The content of settlements ExxonMobil has reached with a dozen insurance companies over denied coverage of thousands of asbestos-related lawsuits should be turned over, certain insurers have argued to a Manhattan Supreme Court judge.

These agreements contain information that is “material and necessary” to their defenses and vital to ensuring that the oil giant does not benefit from a double recovery, partners at Simpson Thacher & Bartlett argue in a March 18 motion to compel disclosure in ExxonMobil v. Certain Underwriters at Lloyd’s, London, 650503/2012.

The insurance coverage action is being handled by Justice Lawrence Marks, who sits in the Commercial Division.

In 2012, ExxonMobil, represented by Covington & Burling, filed suit against scores of insurers for declaratory judgment and breach of contract for the insurers’ alleged failure to indemnify the corporation for wrongful death and serious injury asbestos-related claims purportedly covered under general liability primary and excess policies.

The underlying asbestos-related claims were brought by employees and contractors who worked at Exxon petrochemical facilities in Baytown, Texas; Baton Rouge, LA; Benicia, CA; and Bayway, NJ between 1963 and 1980 or were harmed as the result of Mobil’s manufacturing of asbestos-coated products in that same time frame.

Exxon and Mobil merged in 1999 to become ExxonMobil.

ExxonMobil has reached 12 settlement agreements with 37 of these insurers, including Liberty Mutual, New York Marine & General Insurance, Carolina Casualty, and others, filing motions for discontinuance against these companies on March 11.

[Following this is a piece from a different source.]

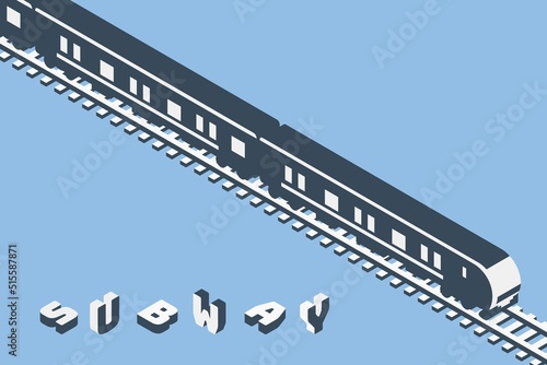 レールの上を走るアイソメトリックな地下鉄のシルエットのイラスト.

A total 24 law firms have been involved in representing the insurers, including Simpson Thacher, Duane Morris, Crowell & Moring, Coughlin Duffy and Rivkin Radler.

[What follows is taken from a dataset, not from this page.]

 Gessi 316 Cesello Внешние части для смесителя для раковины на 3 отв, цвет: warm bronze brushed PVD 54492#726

Court exhibits show that by ExxonMobil’s calculations, it has, as of Sept. 30, 2011, incurred losses of $301 million relating to these asbestos claims—with $195 million accrued from defense costs alone.

Lloyd’s allocated share of these losses is allegedly $87 million.

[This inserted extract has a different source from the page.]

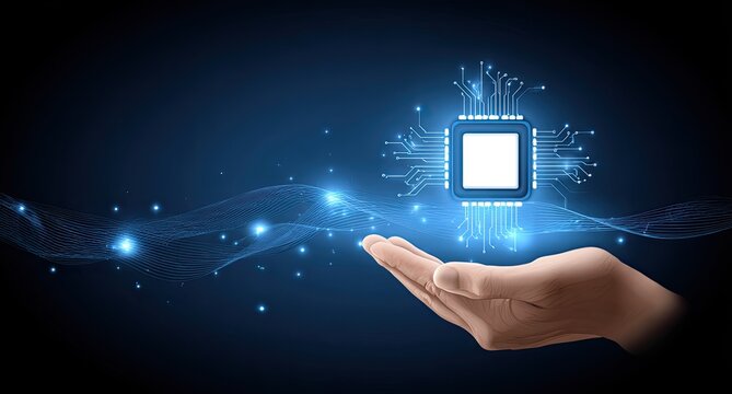 Advanced technological interface: glowing orange circuits on a blue device, symbolizing complex data flow and cutting-edge digital processing.

In January 2013, Marks refused to dismiss the lawsuit as it relates to Everest Reinsurance and Carolina Casualty, who alleged the oil giant’s failure to state a claim against them.

In the latest motion, Simpson Thacher partners Mary Beth Forshaw and Bryce Friedman, representing Certain Underwriters at Lloyd’s, London; Government Employees Insurance; National Union Fire Insurance and Northern Assurance Company, among other insurers, state that ExxonMobil has refused to disclose the terms of the recent settlements, citing confidentiality and parties’ refusal to grant consent to disclosure.

Although ExxonMobil has offered to disclose the “aggregate” settlement amount, that is not good enough, the motion states.

The defense attorneys argue that full disclosure of the settlement is material since it could “completely eliminate or reduce any obligations Moving Insurers allegedly owe to ExxonMobil,” since they allege that the settling insurers have “subscribed to the same policy or policies as one or more of the moving insurers.”

The motion also argues the insurers have a right to know whether these settlements were not for full payment but a portion of the alleged contractual liability, so the defendant insurers can tell whether “they are not being asked to pay more than their fair and legal share of any contractual liability.”

The motion argues, moreover, that claims for joint and several liability should grant the moving insurers the right to seek a set-off or subrogation from ExxonMobil or the settling insurers.

Simpson Thacher’s Friedman did not return calls for comment. P. Benjamin Duke, a Covington partner, declined comment on the matter.

ExxonMobil’s reply to the motion is due by April 1. Marks has scheduled oral argument on the motion for May 12.

ExxonMobil states in its complaint that while thousands of asbestos-related claims have been settled or otherwise disposed of, “thousands” more are pending while the corporation “expects more to be filed in the future.”